このようなクリップCによっても、クリップCをテコの要領で開閉できるので、磁石5、6の磁力を強くしても、小さな力で開閉することができる。
また、クリップCを机上等に置いた状態や磁石に吸着する吸着材を有する壁面等に貼り付けた状態で、押さえ部1の表面を押すことで、押さえ部1が回動空間s1内で回動してクリップCが開く。
すなわち、クリップCを持ち上げて押さえ部1を回動させることなく、机上等に置いた状態でクリップCを開くことができる。

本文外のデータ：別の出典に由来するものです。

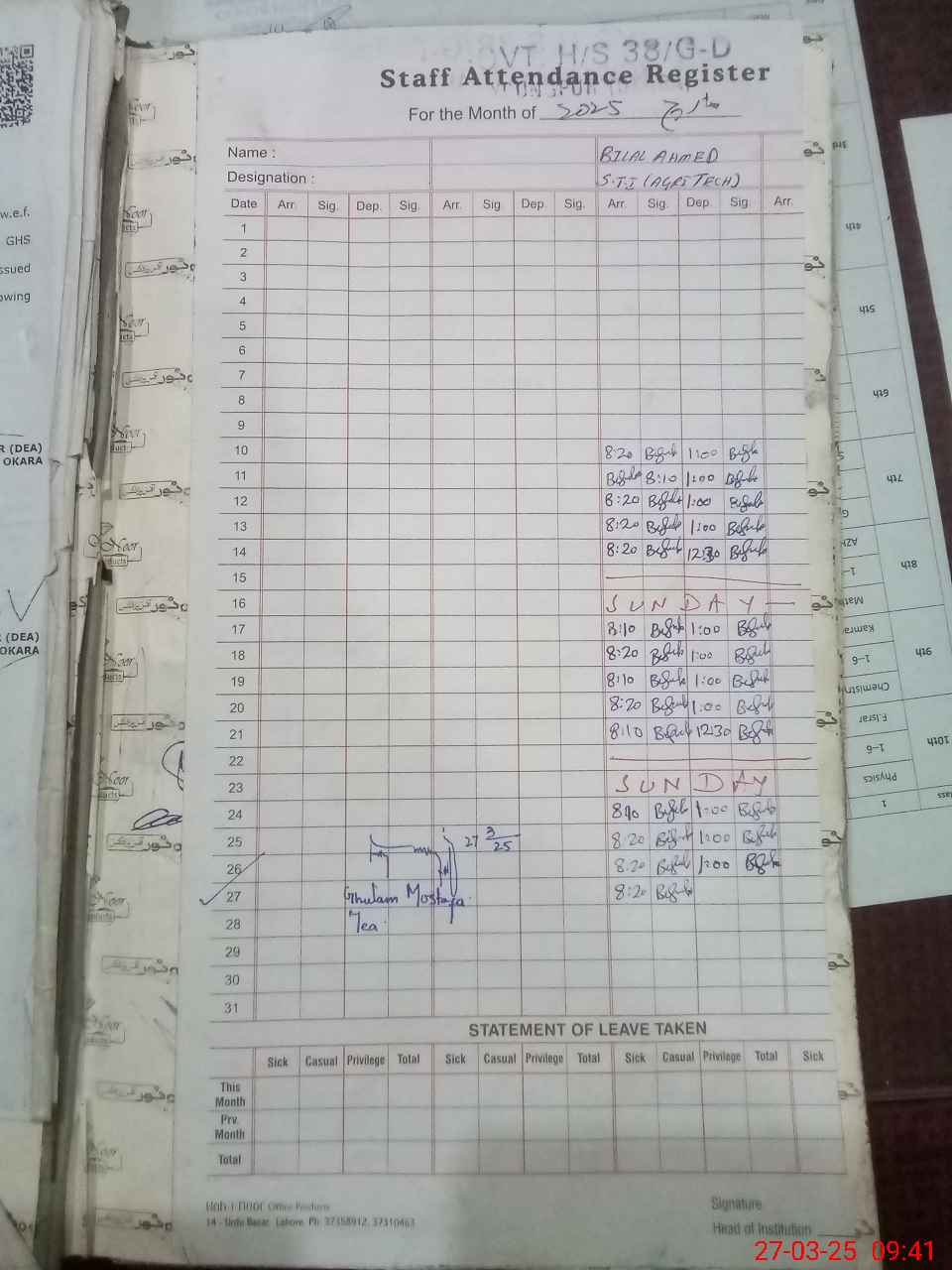 | Total no. of Classrooms: 13 No. of Classrooms Used for Teaching: 11 No. of Classrooms Storing Old Furniture, FTBs, etc: 0Comments if Any: The column of attendance gap is being filled keeping in view the students appeared in their final Examinations Howevere the attendance of the day ie 27 March 2025 is Nil |

また、磁石5、6の磁力を強くすることで、紙cを確実に保持することができる。
【0037】
以上、本発明に係る実施形態のクリップボードA及びクリップCを、図面を参照して詳述してきたが、具体的な構成は、これらの実施の形態に限られるものではなく、本発明の要旨を逸脱しない範囲の設計の変更等があっても本発明に含まれる。
【0038】
また、前述の各実施形態は、その目的および構成等に特に矛盾や問題がない限り、互いの技術を流用して組み合わせることが可能である。
【符号の説明】
【0039】
A:クリップボード
B:クリップ
C:クリップ
1:押さえ部
2:押さえ部
3:載置部
4:カバー部
5:磁石
6:磁石
7:磁石
8:磁石
p1:支点
p2:第2の支点
s:空間
s1:回動空間
c:紙
e:段差
10:挟持部
20:挟持部
30:載置面
31:裏面
40:重合面
41:屈曲部
51:当接角部
50:当接平面部
10b:下面
20b:下面
【要約】
クリップやクリップを用いた製品の使い勝手の向上。
一対の押さえ部と支点と空間を備え、一対の押さえ部は、互いに対向する面に挟持部を有しており、支点を中心に回動自在に連結され、支点は、一対の押さえ部を開閉するものであり、空間は、一対の押さえ部が閉状態において、夫々の押さえ部の挟持部間に形成されるものであり、一方の押さえ部の挟持部は、磁石を有し、他方の押さえ部の挟持部は、磁石に吸着される磁石又は吸着材を有し、磁石と吸着材は、少なくとも閉状態から被挟持体の最大挟持状態の回動範囲において対向していることを特徴とする。